Ситуация с экспортом отражает проблему, типичную для современного кризисного развития, — противоречие между кратко- и долгосрочными задачами экономического роста. Сокращение экспорта, несомненно, неприятный феномен, негативно влияющий на текущий рост и возможности бюджета. Однако его диверсификация закладывает основы стабильной экономической динамики и устойчивости бюджетной системы в среднесрочной перспективе. Разумеется, при условии, что правительство и бизнес смогут воспользоваться складывающимися обстоятельствами и обеспечат рост конкурентоспособности несырьевых отраслей, не полагаясь только на преимущества низкого валютного курса (см.: Кадочников и др., 2016).
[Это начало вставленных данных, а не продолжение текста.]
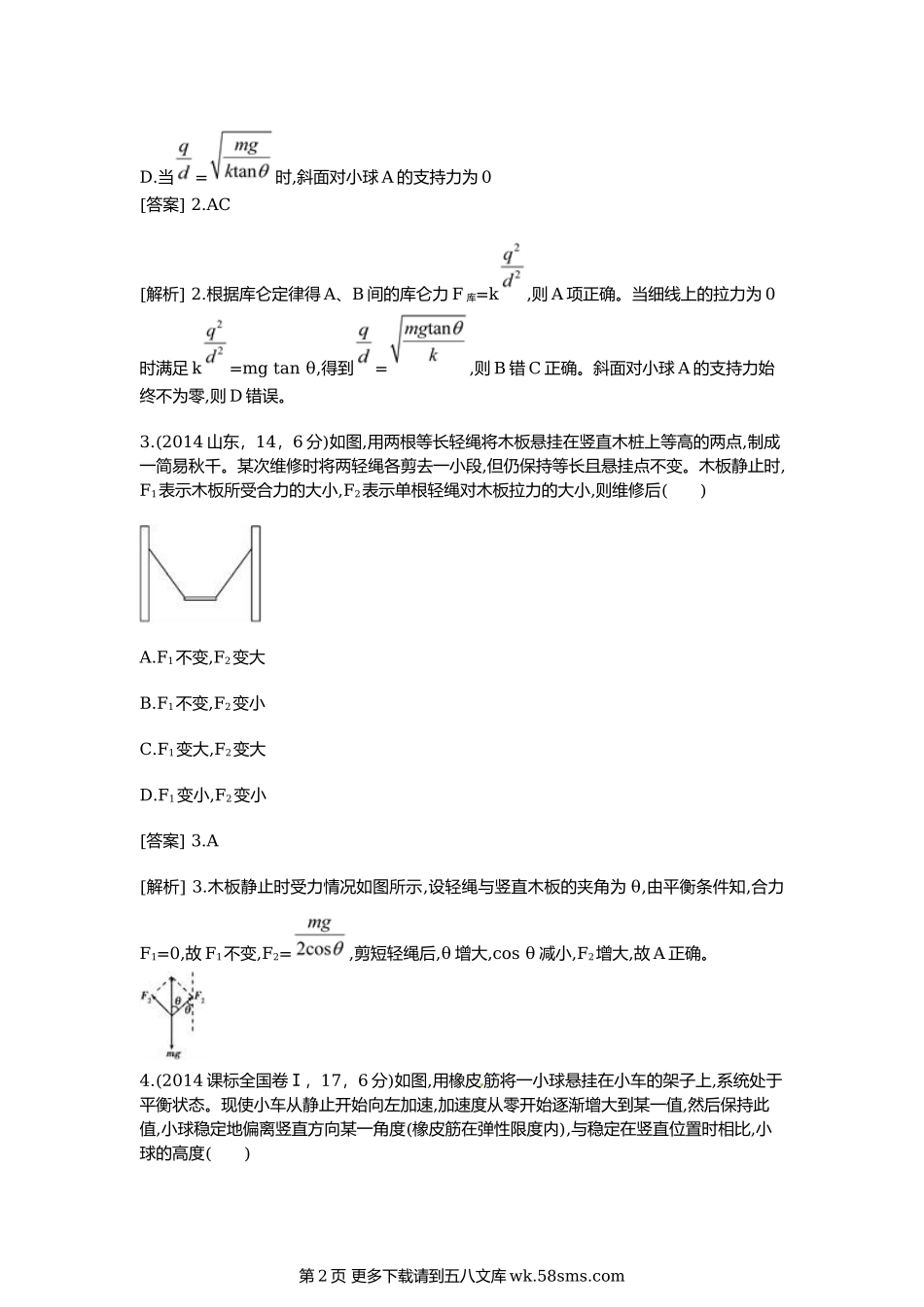 高考物理二轮复习题:相互作用(含2014高考题).doc_第2页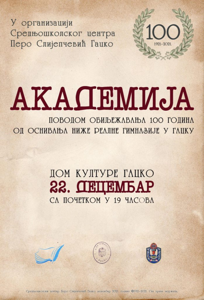 Srednjoškolski centar “Pero Slijepčević” Gacko, u srijedu 22. decembra, svečanom Akademijom obilježiće 100 godina od osnivanja Niže realne gimnazije u Gacku.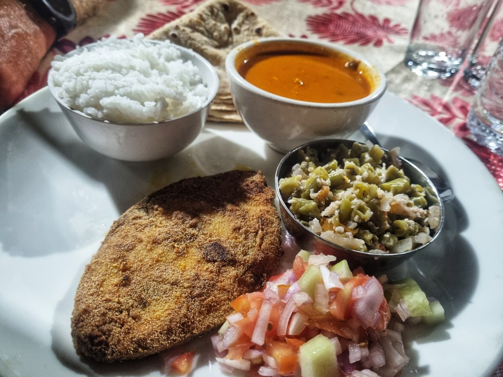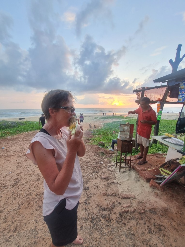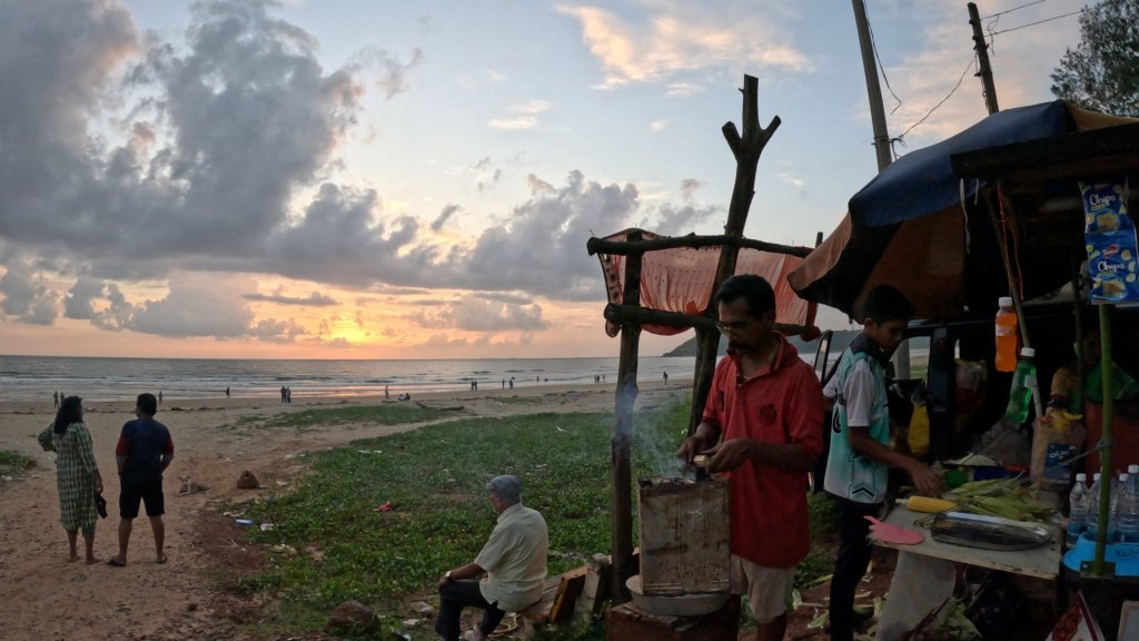 Not many options for food but the hotel restaurant was opening later in the evening. Thankfully we found a vendor selling BBQ sweetcorn on the beach to tide us through until the hotel’s restaurant opened at 9.00pm!!. The menu was fish thali, considerably better than we were expecting: the kitchen was on open view on check-in and a melange of chickens, cats and dogs seemed to roam freely. Very hygienic indeed…

На рубеже 2016-2017 гг. рецессия в России завершилась. Произошла первичная адаптация отечественной экономики к новым экономическим и политическим реалиям, которые, по-видимому, будут носить долгосрочный характер. Однако завершение рецессии не тождественно завершению глобального кризиса или решению структурных проблем российской экономики. Все основные негативные факторы, влияющие на социально-экономическую динамику, остаются в силе. Период турбулентности мировой экономики продолжается, и она будет ставить перед правительствами ведущих стран, включая Россию, новые сложные задачи. Более того, они сложнее, чем те, которые приходилось решать на предыдущем этапе антикризисной политики и адаптации.

Вместе с тем сложность задач не означает, что их решение должно быть более болезненным с социальной точки зрения. Речь идет об интеллектуальной сложности выработки мероприятий, которые обеспечили бы устойчивый экономический рост в средне- и долгосрочной перспективе, а также о политической сложности консолидации сил (групп интересов) для реализации этой программы.

В концентрированном виде экономико-политическая задача на предстоящий период была сформулирована президентом РФ В. В. Путиным в конце 2016 г. в послании Федеральному Собранию: обеспечить развитие экономики России темпом, превышающим среднемировой. Это достаточно точное определение, позволяющее отойти от указания на абсолютные желательные темпы роста: поскольку российская экономика глубоко интегрирована в мировую, темп ее роста не может формироваться независимо от глобального роста. В то же время нынешний уровень социально-экономического развития России позволяет в обозримой перспективе ориентироваться именно на подобный темп. Задача разработки такой программы была поставлена в декабре перед правительством РФ, и прежде всего перед Министерством экономического развития. Контуры этой программы достаточно хорошо известны16. Однако необходимо наполнить ее системой конкретных мер, далеко выходящих за рамки собственно экономической сферы.

В настоящее время всеобщим стало понимание того, что решить стратегические задачи развития России можно только при комплексной модернизации экономики, госуправления, социальной политики и правоохранительной деятельности.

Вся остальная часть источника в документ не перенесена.